= Esther Hautzig =

American writer

Esther R. Hautzig (אסתר האוציג, October 18, 1930 – November 1, 2009, in America) was a Polish-born American writer, best known for her award-winning book The Endless Steppe (1968).

==Biography==
Esther Hautzig (previously known as Esther Rudomin) was born in Vilna, Poland (present-day Vilnius, Lithuania). Her childhood was gravely interrupted by the beginning of World War II and the conquest in 1941 of eastern Poland by Soviet troops. Her family was uprooted and deported to Rubtsovsk, Siberia, where Esther spent the next five years in harsh exile. Her award-winning novel The Endless Steppe is an autobiographical account of those years in Siberia. After the war, when she was 15, she and her family moved back to Poland, although in her heart, Esther wanted to stay. Hautzig reportedly wrote The Endless Steppe at the prompting of Presidential candidate Adlai Stevenson, to whom she had written after reading his articles about his visit to Rubtsovsk.

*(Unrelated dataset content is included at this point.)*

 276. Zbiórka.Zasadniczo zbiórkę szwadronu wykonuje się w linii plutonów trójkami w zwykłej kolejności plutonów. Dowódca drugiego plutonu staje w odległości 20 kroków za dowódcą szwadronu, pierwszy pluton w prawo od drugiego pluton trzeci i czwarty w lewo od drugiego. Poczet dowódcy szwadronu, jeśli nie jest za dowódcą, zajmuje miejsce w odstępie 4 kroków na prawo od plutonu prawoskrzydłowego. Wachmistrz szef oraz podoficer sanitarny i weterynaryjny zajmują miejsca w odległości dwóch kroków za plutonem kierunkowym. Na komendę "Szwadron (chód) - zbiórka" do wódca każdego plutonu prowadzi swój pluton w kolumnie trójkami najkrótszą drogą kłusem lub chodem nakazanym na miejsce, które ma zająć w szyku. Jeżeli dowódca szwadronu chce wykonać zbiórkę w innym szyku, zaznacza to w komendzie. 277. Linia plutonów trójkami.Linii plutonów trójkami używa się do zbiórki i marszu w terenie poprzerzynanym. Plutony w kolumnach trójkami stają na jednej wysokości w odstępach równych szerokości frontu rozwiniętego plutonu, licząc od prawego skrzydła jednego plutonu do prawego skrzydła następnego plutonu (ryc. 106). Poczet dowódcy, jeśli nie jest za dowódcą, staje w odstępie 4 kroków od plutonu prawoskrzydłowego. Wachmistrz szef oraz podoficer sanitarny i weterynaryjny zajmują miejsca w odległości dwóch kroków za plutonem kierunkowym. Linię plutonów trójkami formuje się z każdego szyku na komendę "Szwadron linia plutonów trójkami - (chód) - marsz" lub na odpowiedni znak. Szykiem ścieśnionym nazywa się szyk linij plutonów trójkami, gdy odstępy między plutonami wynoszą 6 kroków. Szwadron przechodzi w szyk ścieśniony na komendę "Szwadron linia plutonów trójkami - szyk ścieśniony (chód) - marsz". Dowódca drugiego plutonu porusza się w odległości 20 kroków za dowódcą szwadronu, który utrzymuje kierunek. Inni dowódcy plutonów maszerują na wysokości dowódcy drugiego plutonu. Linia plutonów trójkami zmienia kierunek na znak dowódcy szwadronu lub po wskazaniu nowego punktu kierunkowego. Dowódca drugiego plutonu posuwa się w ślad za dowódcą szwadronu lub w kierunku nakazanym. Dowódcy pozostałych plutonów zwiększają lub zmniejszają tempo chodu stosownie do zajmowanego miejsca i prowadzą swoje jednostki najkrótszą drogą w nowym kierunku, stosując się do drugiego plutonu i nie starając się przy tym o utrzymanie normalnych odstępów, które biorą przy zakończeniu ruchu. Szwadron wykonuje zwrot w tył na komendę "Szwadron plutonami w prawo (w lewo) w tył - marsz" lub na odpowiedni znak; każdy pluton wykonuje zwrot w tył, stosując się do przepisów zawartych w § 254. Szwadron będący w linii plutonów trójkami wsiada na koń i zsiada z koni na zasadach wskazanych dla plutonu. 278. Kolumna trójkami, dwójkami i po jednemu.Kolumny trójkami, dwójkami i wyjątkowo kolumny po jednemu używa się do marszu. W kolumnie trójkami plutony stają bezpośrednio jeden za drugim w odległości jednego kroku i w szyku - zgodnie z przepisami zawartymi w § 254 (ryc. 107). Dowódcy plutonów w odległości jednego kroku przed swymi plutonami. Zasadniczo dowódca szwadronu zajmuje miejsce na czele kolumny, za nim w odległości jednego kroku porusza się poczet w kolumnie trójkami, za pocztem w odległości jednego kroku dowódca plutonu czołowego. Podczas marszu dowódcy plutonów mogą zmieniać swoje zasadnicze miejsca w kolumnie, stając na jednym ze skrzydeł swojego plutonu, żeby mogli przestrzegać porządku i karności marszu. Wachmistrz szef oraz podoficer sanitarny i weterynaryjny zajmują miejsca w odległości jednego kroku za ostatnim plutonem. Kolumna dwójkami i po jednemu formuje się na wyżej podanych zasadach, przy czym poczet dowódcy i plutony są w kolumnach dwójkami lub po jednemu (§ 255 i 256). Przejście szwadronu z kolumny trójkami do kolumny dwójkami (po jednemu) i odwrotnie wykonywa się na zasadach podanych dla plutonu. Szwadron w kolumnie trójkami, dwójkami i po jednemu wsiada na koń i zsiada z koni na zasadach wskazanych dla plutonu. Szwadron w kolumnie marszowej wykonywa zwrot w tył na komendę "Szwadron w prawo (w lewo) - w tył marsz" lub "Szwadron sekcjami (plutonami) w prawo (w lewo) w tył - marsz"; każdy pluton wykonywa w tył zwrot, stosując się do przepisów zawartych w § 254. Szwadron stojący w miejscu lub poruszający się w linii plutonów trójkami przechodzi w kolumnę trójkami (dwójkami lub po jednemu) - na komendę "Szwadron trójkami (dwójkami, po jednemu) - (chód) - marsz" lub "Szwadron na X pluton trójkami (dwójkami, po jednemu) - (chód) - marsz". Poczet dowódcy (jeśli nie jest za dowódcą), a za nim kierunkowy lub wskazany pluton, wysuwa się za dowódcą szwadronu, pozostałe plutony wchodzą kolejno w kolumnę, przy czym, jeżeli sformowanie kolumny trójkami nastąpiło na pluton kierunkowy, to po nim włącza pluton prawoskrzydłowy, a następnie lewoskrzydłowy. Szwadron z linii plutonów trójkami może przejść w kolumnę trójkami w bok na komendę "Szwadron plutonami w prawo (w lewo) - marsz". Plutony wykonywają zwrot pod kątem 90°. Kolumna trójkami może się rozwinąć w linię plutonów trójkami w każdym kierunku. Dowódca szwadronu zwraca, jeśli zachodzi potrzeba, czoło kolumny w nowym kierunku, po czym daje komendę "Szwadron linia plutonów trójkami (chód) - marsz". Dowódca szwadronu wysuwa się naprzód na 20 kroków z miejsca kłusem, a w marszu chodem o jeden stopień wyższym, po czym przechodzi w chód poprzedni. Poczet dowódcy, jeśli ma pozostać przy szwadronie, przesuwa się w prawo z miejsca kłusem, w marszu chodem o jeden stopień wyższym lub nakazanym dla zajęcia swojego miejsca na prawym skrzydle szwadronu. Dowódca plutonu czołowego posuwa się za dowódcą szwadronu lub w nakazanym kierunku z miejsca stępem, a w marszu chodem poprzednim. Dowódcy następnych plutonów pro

==Personal life and death==
Rudomin met Walter Hautzig, a concert pianist, while en route to America on a student visa in 1947. They married in 1950, and had two children, Deborah, a children's author, and David. She died on November 1, 2009, aged 79, from a combination of congestive heart failure and complications from Alzheimer's disease.

Hautzig helped to discover and eventually publish the master's thesis in mathematics written by her uncle Ela-Chaim Cunzer (1914–1943/44) at the University of Wilno in 1937. Cunzer was taught, among others, by Antoni Zygmund. Cunzer died in a concentration camp.

==Works==
Many of Hautzig's works are books about everyday life for pre-adolescent and early adolescent children. They encourage exploration and activity.
Her Four languages books are written in English, Spanish, French, and Russian.

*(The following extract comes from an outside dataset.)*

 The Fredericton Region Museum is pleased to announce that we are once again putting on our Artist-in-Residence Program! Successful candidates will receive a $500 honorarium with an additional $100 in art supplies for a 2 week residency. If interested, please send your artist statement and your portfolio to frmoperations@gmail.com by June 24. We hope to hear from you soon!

She maintained deep connections with the expatriate Yiddish literary community. She corresponded with Chaim Potok
and wrote the introduction for a new edition of Israel Cohen's cultural history of Vilna (Vilnius).
Hautzig's book The Endless Steppe has appeared in dozens of editions and has been translated into many languages, including Catalan, Dutch, Danish, English (Braille), French, German, Greek, Indonesian, Japanese, Sinhalese, and Swedish.

===Everyday life===
- Let's cook without cooking. New York: Crowell, 1955.
- Let's make presents. 100 gifts for less than $1.00. New York: Crowell, 1962.
- At home: A visit in four languages. Illustrated by Aliki Brandenberg. New York: Macmillan, 1968.
- In the park: An excursion in four languages. Illustrated by Ezra Jack Keats. New York: Macmillan, 1968.
- In school: Learning in four languages. Illustrated by Nonny Hogrogian. New York: Macmillan, 1969.
- Let's make more presents: Easy and inexpensive gifts for every occasion. Illustrated by Ray Skibinski. New York: Macmillan, 1973.
- Cool cooking: 16 recipes without a stove. Illustrated by Beth Peck. New York: Lothrop, Lee & Shepard Company, 1973
- Life with working parents: Practical hints for everyday situations. Illustrated by Roy Doty. New York: Macmillan, 1976.
- A gift for mama. Illustrated by Donna Diamond. New York: Puffin Books, 1981.
- Holiday treats. Illustrated by Yaroslava. New York: Macmillan, 1983.
- Make it special: cards, decorations, and party favors for holidays and other special occasions. Illustrated by Martha Weston. New York: Macmillan, 1986.
- On the air: Behind the scenes at a TV newscast. Photographs by David Hautzig. New York: Macmillan, 1991. Also available in Braille.

===Culture and history===
- The endless steppe: A girl in exile. New York: Scholastic Book Services, 1968.
- Peretz, Isaac Leib. The case against the wind, and other stories. Translated (from Yiddish). With Leon Steinmetz. New York: Macmillan, 1975.
- Peretz, Isaac Leib. The seven good years and other stories. Translated. Philadelphia: Jewish Publication Society of America, 1984.
- Remember who you are: Stories about being Jewish. New York: Crown Publishers, 1990.
- Riches. Illustrated by Donna Diamond. New York: HarperCollins, 1992. Also available in Braille.
- A picture of grandmother. Illustrated by Beth Peck. New York: Farrar Straus and Giroux, 2002. Also available in French.